Advanced personalization is achieved in hybris through the BTG (behavioural targeting groups). hybris provides a number of out the box rules (operands) to classify customers into segments. There are many ways to present targeted content to customers in hybris but the basic process involves the following steps:

  1. Set up the content components for each customer segment you wish to target. 
  2. Create customer segment based on the rules available. This can be done in 1 of 2 ways via the CMS cockpit:
    • In the Customer Segments perspective 
    • Create segmentation rules from Customer Segmentation Perspective
    • or can be created via the content component the Context Visibility section:
    •  Customer segmentation from the content component
  3. Assign the customer segmentation restriction to the content component. 

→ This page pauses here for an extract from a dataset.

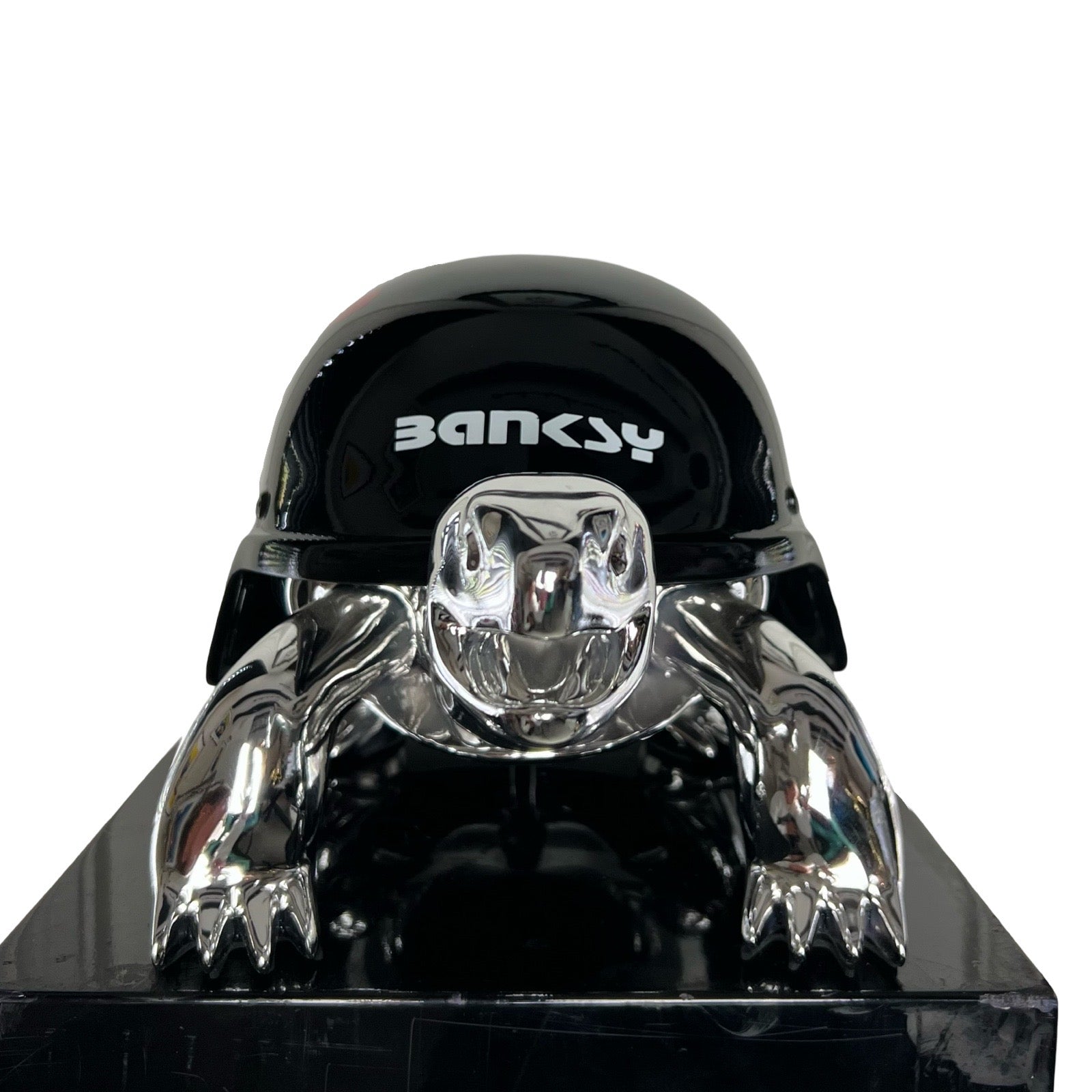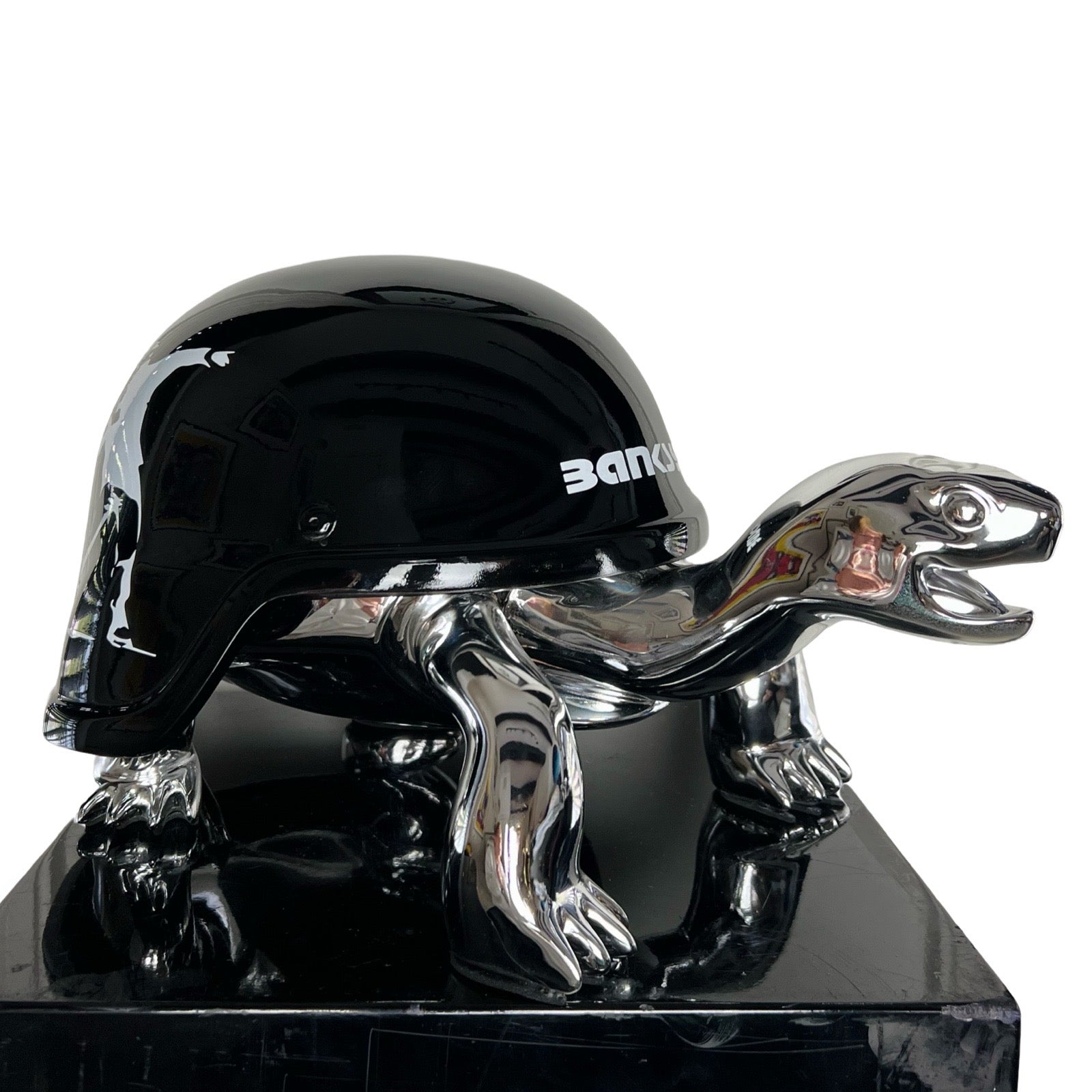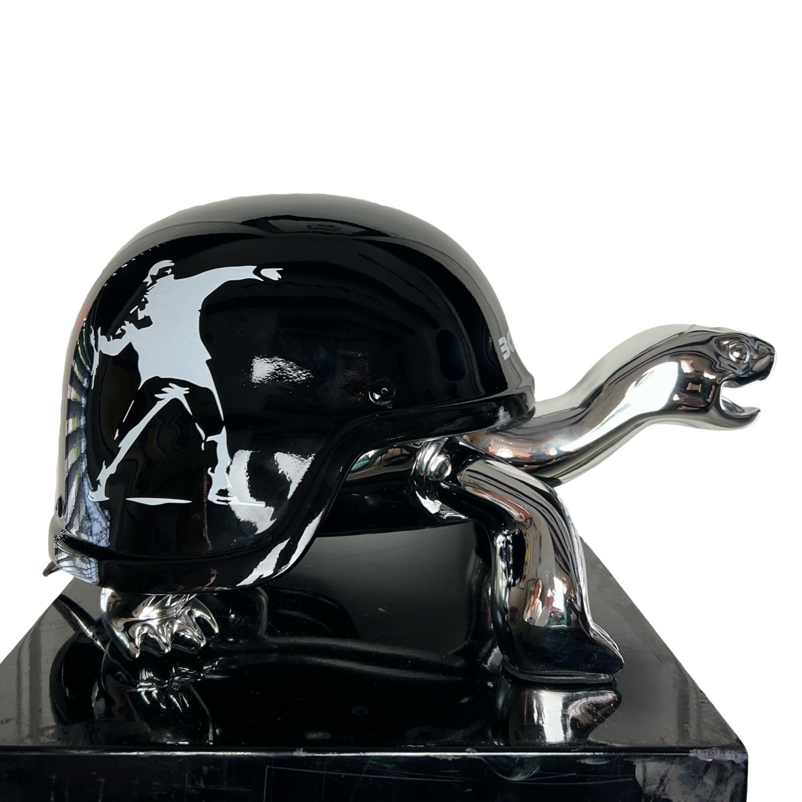 Van Apple created the Peace Turtles on his own artistic way. He gave the turtles a helmet instead of their shell, to show his love and respect for these protected species. The turtles are created in gold to express their value and are given a colorful and contemporary helmet, each design makes a statement.

Both positive and negative segmentation rules can be applied; show content based on meeting rule or hide content based on meeting rule. Highlighted below are 2 scenarios for targeting different customer types:

  1. Target new customers:

As mentioned above there are are a number of possible scenarios how to define a new customer. Bespoke operands can be created for such purposes but as this requires development, an out-the-box approach was sort to meet the targeting requirements. Therefore inverting the targeting rules assumes that all customers are new customers and group existing customers in targeted groups. As such, all customers who visit the site are assumed to be new. The default content for the site is targeted to new customers. Targeted content for existing customers will replace the new customer targeted content when a customer falls into an “existing customer” group.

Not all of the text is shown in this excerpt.